All the above are summarized in the projects dashboard where you can quickly have an instant picture of the situation in a certain moment (messages, alerts, upcoming events etc.).
Notifications and a RSS feed for task, milestones etc are also available to every project member. Admins, of course, have some extra privileges for user management, setting up project templates etc.
Our short testing of the application, left us with a positive feeling. We liked the interface that is intuitive, AJAXified and pleasant looking. The occasional light user (a student or a small business owner) will be happy with the free edition that is not crippled in any way while the paid edition will satisfy the professionals.
A few things are not available in Zoho projects:
- Importing projects and tasks: we found no way to import tasks even from a spreadsheet, not to mention Microsoft Project, although you can export most items in a csv or spreadsheet.
- Critical Path Method (or PERT analysis): depending on whether you are looking for compex project management solutions (i.e. for construction or manufacturing) this can be a significant miss.
- Resource Leveling: again a large projects requirement.
The Zoho team has done a good job though on offering the application in different languages.

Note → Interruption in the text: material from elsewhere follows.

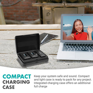 • LONG LASTING BATTERY, LONG RANGE TRANSMISSION: The WMX-2-L-DUO system offers a 7-hour battery life with a compact charging case that gives you a full additional charge. Stable 2.4Ghz transmission band and Adaptive Frequency Hopping ensure noise and interference-free transmission at distances up to 328 feet

Zoho Projects is available now in 15 languages – Chinese, Czech, Danish, Dutch, English, French, German, Italian, Japanese, Polish, Portuguese, Portuguese (Brazil), Russian, Spanish, Swedish.
As a conclusion, I think that Zoho Projects (especially if you combine it with the whole Zoho suite) is rather complete, and although there are minor misses, overall it’s a recommended tool for mainly SMEs that have projects of generic nature. It definetely cannot handle large scale complex projects for construction or manufacturing, but it was not designed for such a purpose in the first place.